Kolmogorov-Arnold Network with Legendre approximation#

We demonstrate a Kolmogorov-Arnold network whose learned activation functions are Legendre polynomials composed with the real.rational input map. This shows that KAN activations can be approximated in many different ways, and do not have to be necessarily splines.

[1]:
import matplotlib.pyplot as plt
import torch
from torch import nn

import torchcurves as tc

Define regression function#

[2]:
def func(xs):
    pole_1 = torch.tensor(0-2j)
    pole_2 = torch.tensor(0-1j)
    cresult = 10 / (xs[:, 0] + 2 * xs[:, 1] - pole_1) - 2 / (2 * xs[:, 0] - xs[:, 1] - pole_2)
    return cresult.abs()
[3]:
n = 100
xs = torch.linspace(-3, 3, n)
ys = torch.linspace(-3, 3, n)
grid = torch.cartesian_prod(xs, ys)
zs = func(grid)
[4]:
ax = plt.figure().add_subplot(projection='3d')
grid_x = grid[:, 0].reshape(n, n)
grid_y = grid[:, 1].reshape(n, n)
plot_z = zs.reshape(n, n)
ax.plot_surface(grid_x, grid_y, plot_z)
[4]:
<mpl_toolkits.mplot3d.art3d.Poly3DCollection at 0x74a8ed65cbf0>
../_images/examples_kan_legendre_rat_5_1.png

Generate training data#

[5]:
n_samples = 1000
sigma = 0.3
X = torch.randn(n_samples, 2)
y = func(X) + sigma * torch.randn(n_samples)
[6]:
ax = plt.figure().add_subplot(projection='3d')
ax.scatter3D(X[:, 0], X[:, 1], y, c=y)
[6]:
<mpl_toolkits.mplot3d.art3d.Path3DCollection at 0x74a8eaacb950>
../_images/examples_kan_legendre_rat_8_1.png

Define and train the KAN#

[7]:
input_dim = 2
intermediate_dim = 5
degree = 5

kan = nn.Sequential(
    # layer 1
    tc.LegendreCurve(input_dim, intermediate_dim, degree=degree, input_map='real.rational'),
    tc.Sum(dim=-2),
    # layer 2
    tc.LegendreCurve(intermediate_dim, intermediate_dim, degree=degree, input_map='real.rational'),
    tc.Sum(dim=-2),
    # layer 3
    tc.LegendreCurve(intermediate_dim, 1, degree=degree, input_map='real.rational'),
    tc.Sum(dim=-2),
)
[8]:
example_data = torch.tensor([[-5, 3], [3, 2], [1, 3]])
output = kan(example_data)
print(output.shape)
torch.Size([3, 1])
[9]:
n_epochs = 100
batch_size = 32
lr = 2e-3
print_every = 10

dl = torch.utils.data.DataLoader(torch.utils.data.TensorDataset(X, y), batch_size=batch_size, shuffle=True)
optim = torch.optim.Adam(kan.parameters(), lr=lr)
criterion = nn.MSELoss()

for epoch in range(1, 1 + n_epochs):
    epoch_loss = 0.
    for Xb, yb in dl:
        pred = kan(Xb)
        cost = criterion(pred.squeeze(), yb)

        optim.zero_grad()
        cost.backward()
        optim.step()

        epoch_loss += cost * Xb.shape[0]

    epoch_loss /= n_samples
    eval_loss = criterion(kan(grid).squeeze(), func(grid))

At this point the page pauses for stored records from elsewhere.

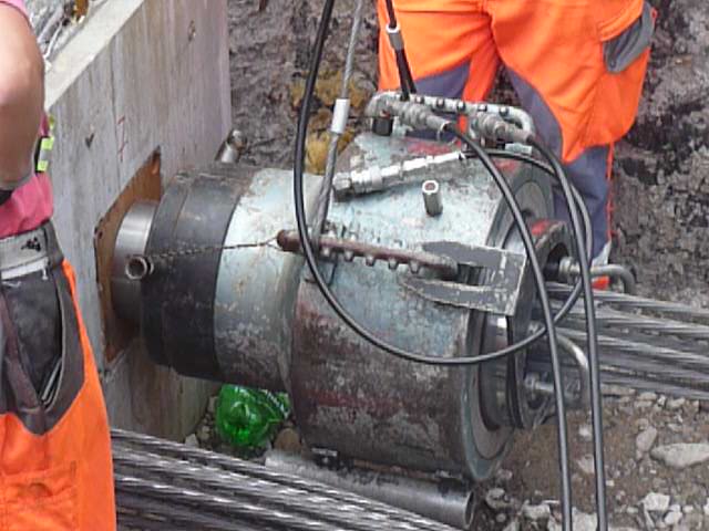 Na obidvoch stranách mosta sú po štyri otvory, v ktorých sú v chráničkách umiestnené oceľové káble. Po dva prostredné vo vodorovnom smere a po dva vonkajšie prechádzajúce cez deviátory. Každý z týchto ôsmich zväzkov tvorí 15 lán, každé jedno lano sa skladá zo siedmich oceľových prameňov. Po premeraní parametrov príde na rad ešte betónová injektáž v chráničkách.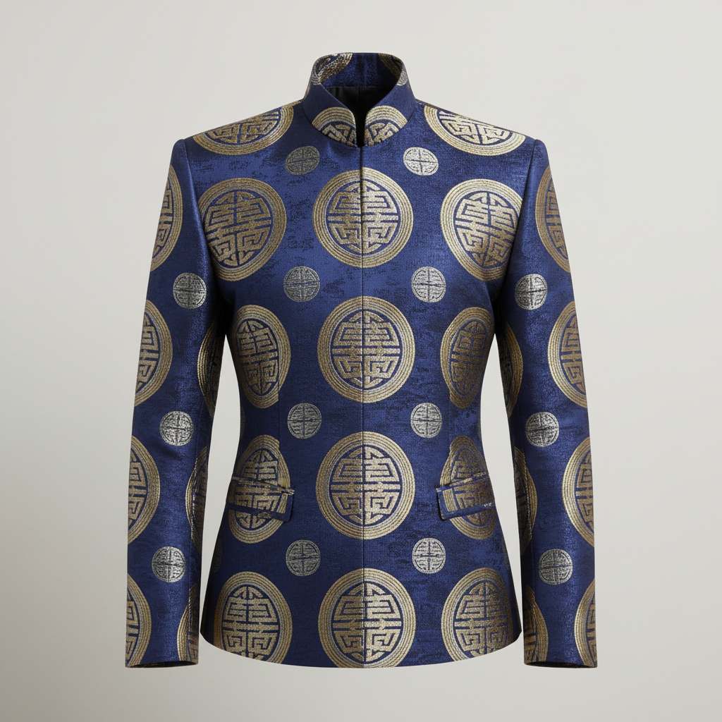面向当代穿着场景的馆藏级作品,强调廓形与面料肌理;以团寿纹为文化锚点,采用缂丝呈现细节,来自南京工艺语汇,寓意“长寿与吉祥”。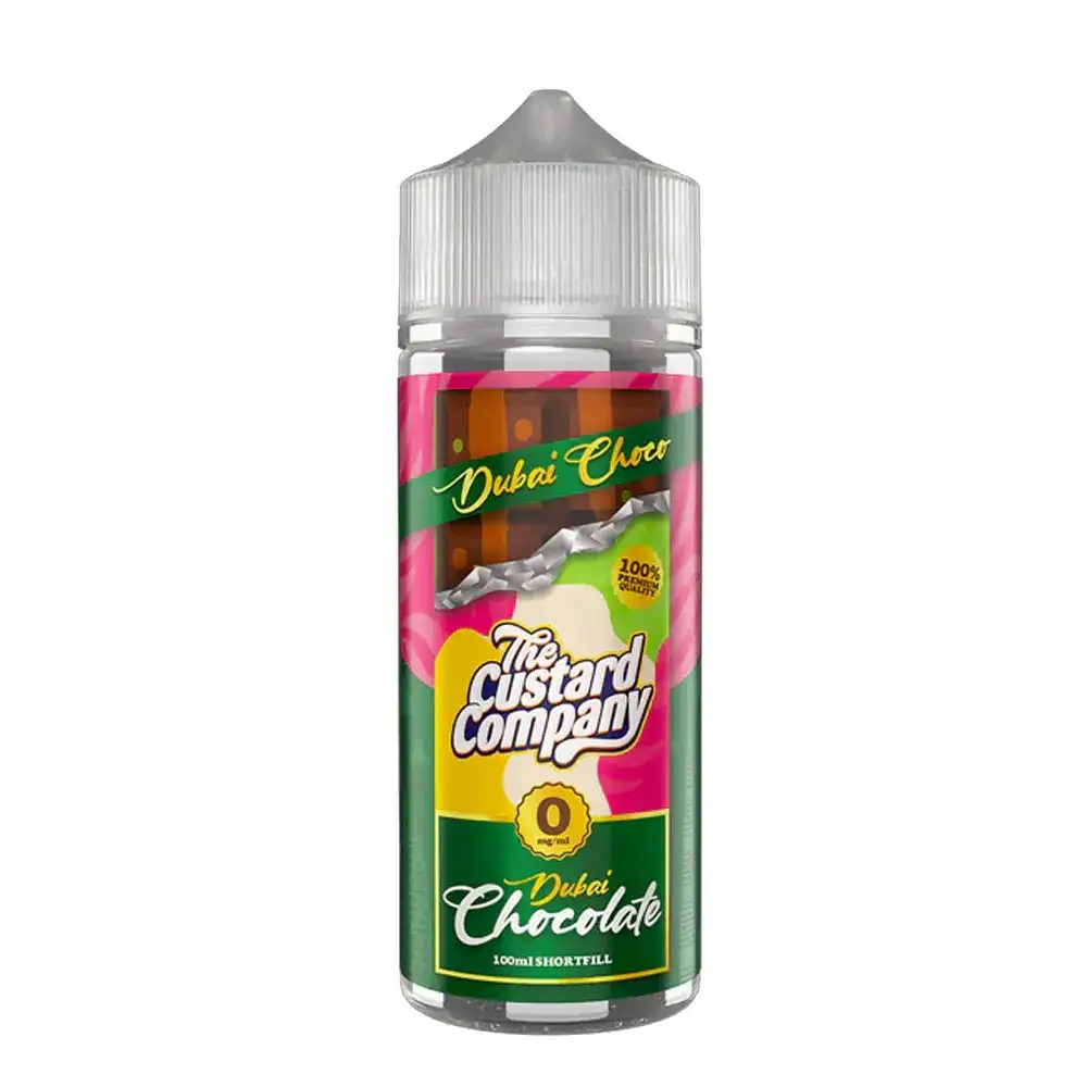Indulge in a decadent dessert vape with the Dubai Chocolate Shortfill from The Custard Company. This premium blend brings together the sweetness of smooth milk chocolate, the rich nuttiness of roasted pistachios, and the buttery crispness of kadayif pastry – a Middle Eastern delicacy known for its golden crunch.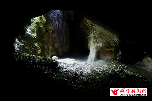踏著沒膝的溪水,我們走進(jìn)洞內(nèi)。在黑暗中摸索了約十分鐘,只覺眼前一亮,幾束陽光幽幽地落在洞底的碎石上,光氣琉璃,像極了夢(mèng)幻的海底世界。走到洞明處抬頭一瞧,只見頭頂上有三個(gè)天窗,一個(gè)呈三角形,另外兩個(gè)洞則像是巨人翻山時(shí)鏤下的兩個(gè)腳印,又像是天燭山與天空對(duì)望的一雙眼睛。在三角形天窗旁有一石隱蔽的石洞,出得洞來,卻發(fā)現(xiàn)自己站在了天燭山的半腰上了,山上玉竹萬桿,溫潤有澤。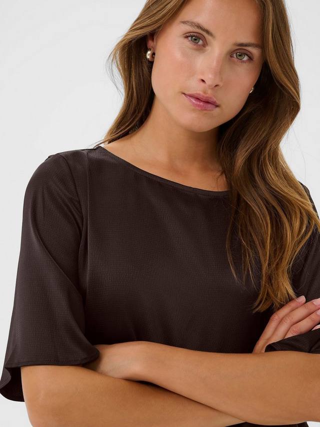 Эта блузка от KAFFE станет изящным дополнением к вашему гардеробу и освежит его так необходимым образом. Вырез лодочкой и короткие рукава делают ее легкой, но прочной и идеально впишутся в ваш повседневный гардероб.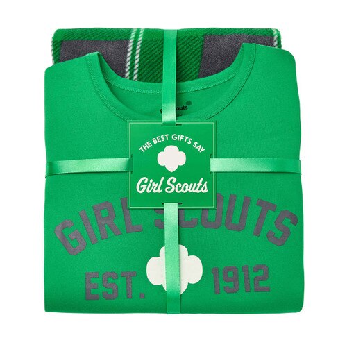We've got your holiday shopping figured out with this perfect pajama set. Includes short sleeve t-shirt and full length pants. Best of all, the set is packaged perfectly to gift, with “The Best Gifts Say Girl Scouts” branding and ribbon detail.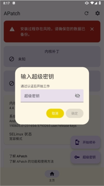 若要进行超级用户管理操作,您得先获取AndroidPatch,之后再把KernelPatch卸载掉。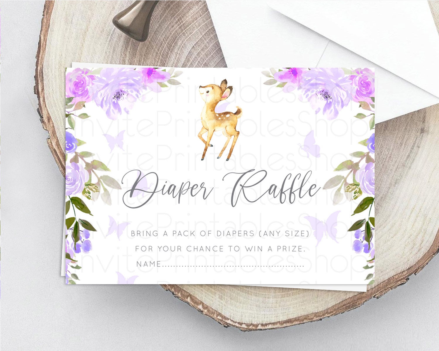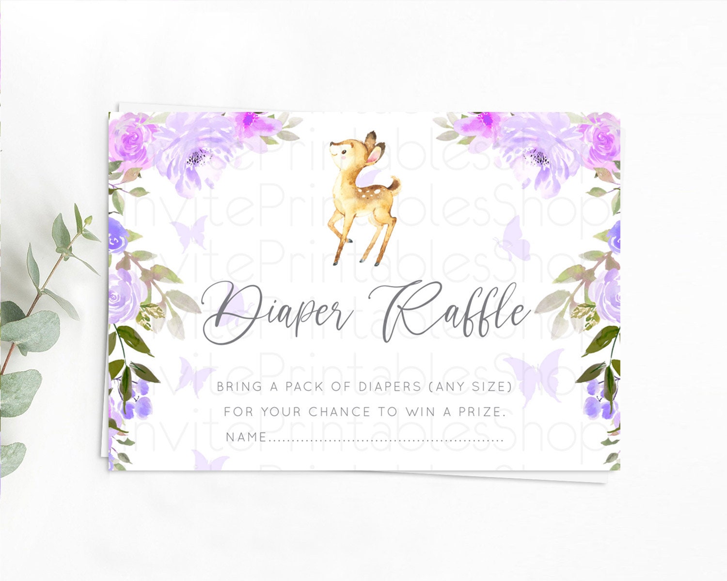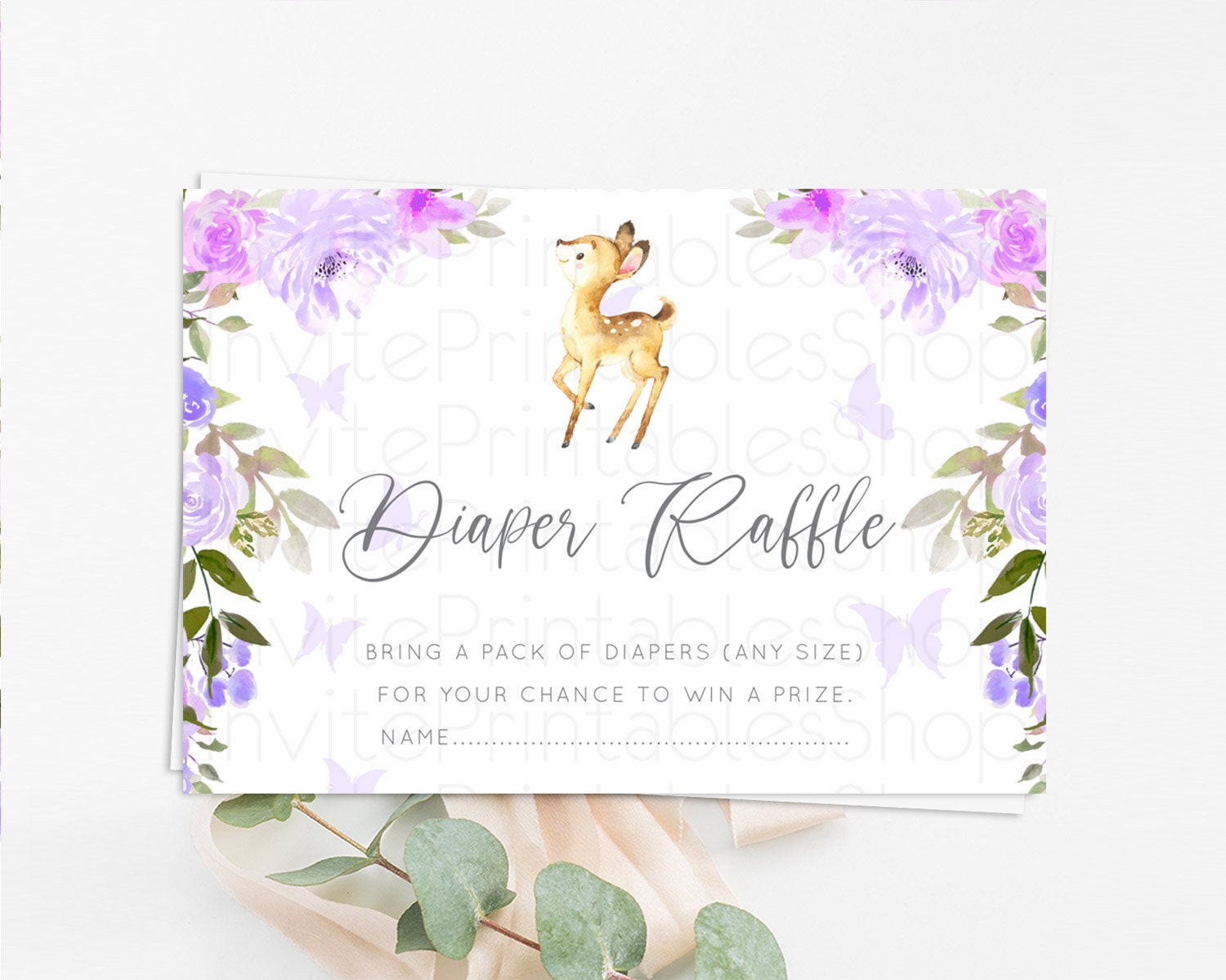 Fawn Diaper Raffle Card Deer Diaper Insert Floral Deer Diaper Ticket Enchanted Forest Butterfly Pastel Baby Shower Raffle Game D10916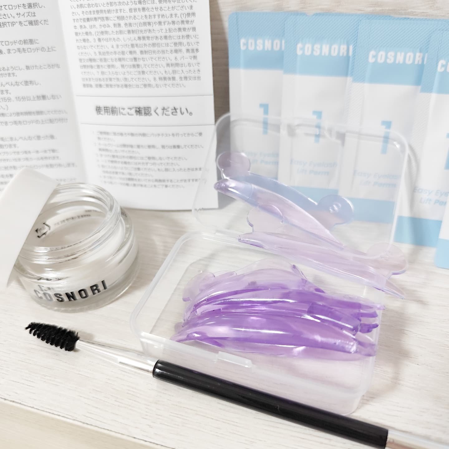 #PR🌟COSNORIイージーアイラッシュパーマキット(@cosnori_jp)シリコンロッドがグルーなしで瞼に貼りつくから楽ちん!目頭/目尻まで、目のカーブに合わせてぴったり密着🙌筆とスクリューブラシが一体になったデュアルブラシがまつげのキ...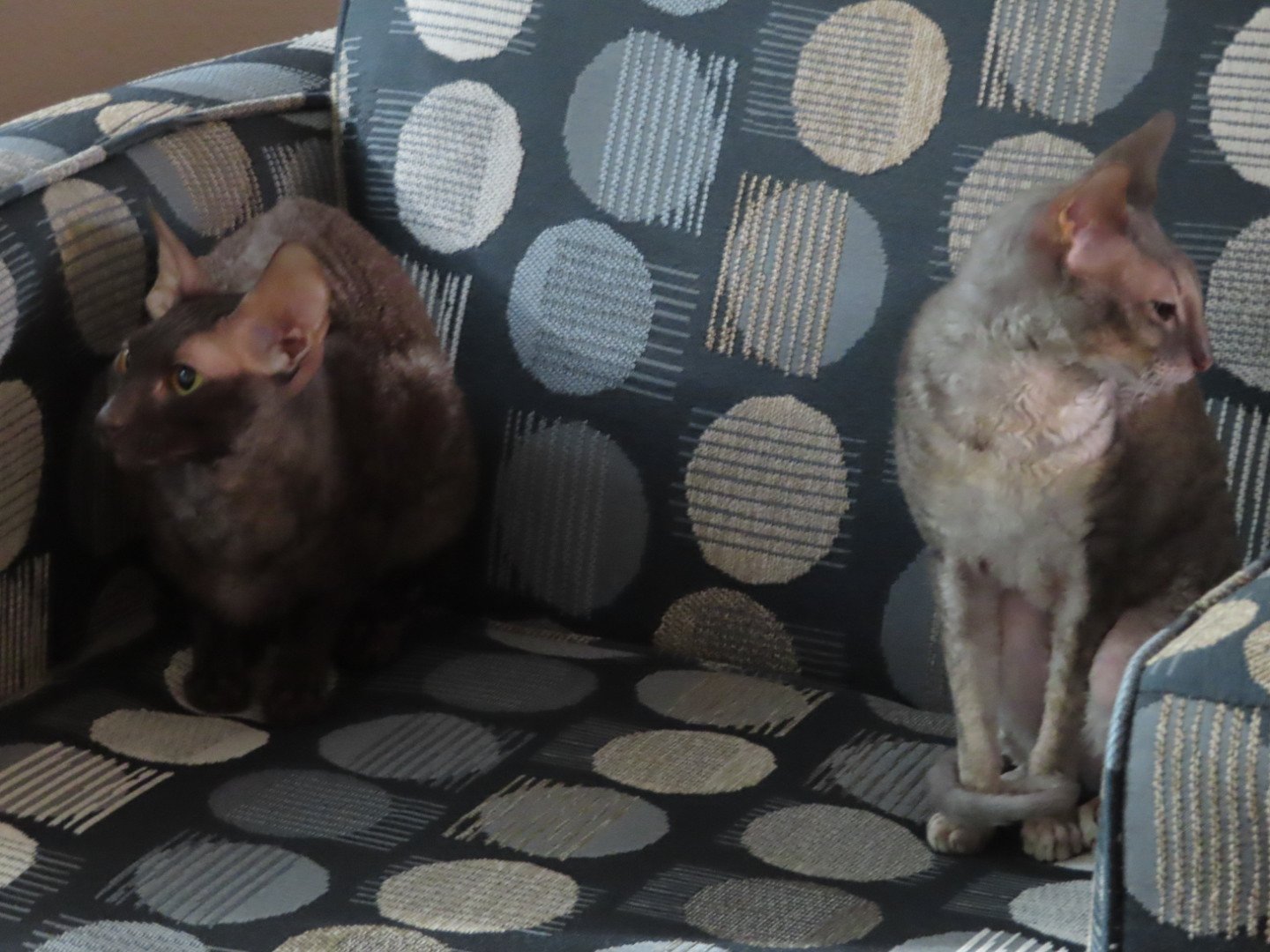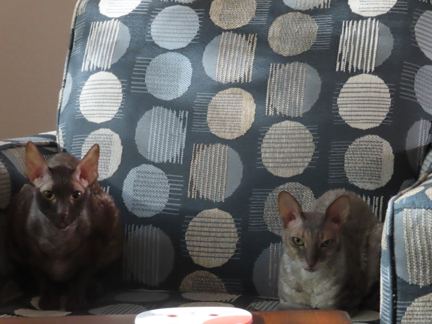 Our Cornish Rex cats, Laudy and Pip, made the transition to the new house swimmingly. They hung out in our master bath and closet during the move, then came out once everyone was gone to check the place out. Our new reclining love seat provided a much needed place to take a break. There was little rest for the weary though. We worked hard Sunday afternoon to clear paths and locations for our furniture.

    if epoch == n_epochs or epoch % print_every == 0:
        print(f'Epoch {epoch}: train loss = {epoch_loss:.3f}, eval_loss = {eval_loss:.3f}')
/home/alex/git/torchcurves/.venv/lib/python3.12/site-packages/torch/autograd/graph.py:824: UserWarning: CUDA initialization: The NVIDIA driver on your system is too old (found version 11040). Please update your GPU driver by downloading and installing a new version from the URL: http://www.nvidia.com/Download/index.aspx Alternatively, go to: https://pytorch.org to install a PyTorch version that has been compiled with your version of the CUDA driver. (Triggered internally at /pytorch/c10/cuda/CUDAFunctions.cpp:109.)
  return Variable._execution_engine.run_backward(  # Calls into the C++ engine to run the backward pass
Epoch 10: train loss = 0.338, eval_loss = 0.477
Epoch 20: train loss = 0.135, eval_loss = 0.233
Epoch 30: train loss = 0.118, eval_loss = 0.219
Epoch 40: train loss = 0.107, eval_loss = 0.197
Epoch 50: train loss = 0.105, eval_loss = 0.196
Epoch 60: train loss = 0.102, eval_loss = 0.191
Epoch 70: train loss = 0.102, eval_loss = 0.180
Epoch 80: train loss = 0.097, eval_loss = 0.168
Epoch 90: train loss = 0.093, eval_loss = 0.184
Epoch 100: train loss = 0.092, eval_loss = 0.171

Plot the network and the true function, side by side#

[10]:
with torch.no_grad():
    kan_z = kan(grid).reshape(n, n)
fig = plt.figure(figsize=(10, 4))
ax_left = fig.add_subplot(1, 2, 1, projection='3d')
ax_right = fig.add_subplot(1, 2, 2, projection='3d')

ax_left.set_title('4dTrue function')
ax_left.plot_surface(grid_x, grid_y, plot_z)

ax_right.set_title('Legendre-Rational KAN')
ax_right.plot_surface(grid_x, grid_y, kan_z)

plt.show()
../_images/examples_kan_legendre_rat_14_0.png
[ ]: